Era terrible este regreso, negarse a avanzar sin mantener antes una amarga consulta con el alma.

El alma. «Tú no tienes alma», al menos eso han dicho.

A través del cristal que separaba la parte delantera de la posterior Ash observó cómo la joven Leslie ocupaba el asiento que tenía frente a él. Se alegraba de disponer de todo el compartimiento posterior y de que hubieran enviado dos coches para conducirlo a él y a su pequeño séquito hacia el norte. Hubiera resultado insoportable sentarse junto a un ser humano, escuchar el parloteo de los humanos, percibir el olor de una hembra humana, joven y dulce.

Escocia. El olor de los bosques; el olor del mar transportado por el viento.

El coche circulaba suavemente, manejado por un experto conductor. Menos mal. Habría sido intolerable verse zarandeado de un lado a otro hasta llegar a Donnelaith. Durante unos instantes advirtió tras él el resplandor de los faros del coche de su escolta, que lo seguía a todas partes. De repente sintió una terrible premonición. ¿Por qué someterse a ese trago tan amargo? ¿Por qué había decidido ir a Donnelaith? ¿Por qué se disponía a subir a la montaña y visitar los lugares de su pasado? Ash cerró los ojos y durante unos segundos vio el brillante cabello rojo de la pequeña bruja de la que Yuri estaba enamorado como un escolar. Vio sus ojos verdes, de mirada fría, que contrastaban con el infantil lazo que llevaba en el pelo. ¡Cuán estúpido era Yuri!

El chófer pisó el acelerador.

Ash no veía nada a través de los cristales tintados. Era lamentable. Intolerable. Los automóviles de su propiedad no tenían cristales tintados. Nunca se había preocupado de proteger su intimidad.

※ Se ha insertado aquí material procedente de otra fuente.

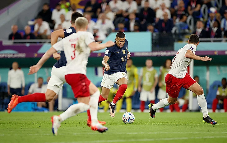 Перед стартовым свистком комментатор разогревает зрителей и говорит про месть за унижение французов в Лиге наций. Разумеется, я не смотрел Лигу наций, поэтому бужу Алису. Она молниеносно реагирует: оказывается, летом Дания обыграла Францию 2:0. Не очень похоже на унижение, но окей.

Contemplar el mundo en sus colores naturales era para él tan imprescindible como respirar.

Decidió dormir un rato, confiando en que no le perturbaran los sueños.

De pronto oyó una voz, la de la joven Leslie, por el equipo de megafonía que se hallaba instalado en el techo del automóvil.

—He llamado a la posada, señor Ash, y he comunicado nuestra llegada. ¿Quiere que nos detengamos unos momentos?

—No, deseo llegar cuanto antes. Trataré de dormir un rato. Es un viaje muy largo.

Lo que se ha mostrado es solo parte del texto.